テディベアの「テディ」は、アメリカ第26代大統領セオドア・ルーズベルトの愛称です。

「テディ」という名前だけ聞くと、ぬいぐるみ用に考えられたかわいい名前のように感じますよね。
しかし、もともとは人の名前から来ています。

きっかけになったのは、1902年にアメリカ南部で行われた熊狩りです。
セオドア・ルーズベルトは狩猟を好む人物として知られていましたが、その場で弱って逃げられない状態のクマを撃つよう勧められたとき、撃つことを拒みました。
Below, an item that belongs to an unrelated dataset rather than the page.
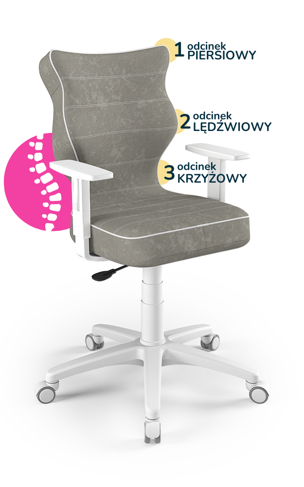 Krzesło do biurka dla dziecka dopasowane do wzrostu 146-176,5 cm, model Duo kolor szary obrotowe

この話が広まった理由は、単に「クマを撃たなかったから」ではありません。
当時の人たちは、強い立場の大統領が、逃げられない動物に対して無理に力を使わなかったことに心を動かされました。

つまり、テディベアの始まりには“かわいいぬいぐるみ”だけでなく、フェアであろうとする姿勢が関係しています。

ただし、ここで大切なのは、実際の出来事がいくつかの形で語られていることです。
クマが子グマだった、傷ついていた、木につながれていたなど、細部には違いがあります。
それでも共通しているのは、ルーズベルトが無抵抗のクマを撃たなかったという点です。

この出来事が風刺画として描かれ、人々の間で話題になりました。
そこから「テディのクマ」という言葉が広がり、やがてテディベアという名前が定着していきます。

モリス・ミクトムがテディベアを売り出したきっかけ

モリス・ミクトムは、アメリカでテディベアの名前を広めた人物として知られています。

彼は、ルーズベルトの熊狩りの話をもとに、妻とともにクマのぬいぐるみを作りました。
そして、そのぬいぐるみに**「テディのベア」**という意味を込めた名前を付け、店先に並べたとされています。

ここでおもしろいのは、最初から大きな商売として計画されたものではなく、話題の出来事を形にしたぬいぐるみだったことです。

当時は新聞や風刺画が世の中の話題を大きく動かしていました。
今でいうと、ニュースで話題になった出来事がグッズ化され、一気に人気になるような感覚に近いです。

テディベアが広まった背景には、3つの流れがあります。

・大統領のエピソードが人々の心に残った
・風刺画によって物語がわかりやすく伝わった
・その物語をぬいぐるみとして手に取れる形にした人がいた

ただのクマのぬいぐるみではなく、名前に物語があったからこそ、人々は特別なものとして受け止めたのです。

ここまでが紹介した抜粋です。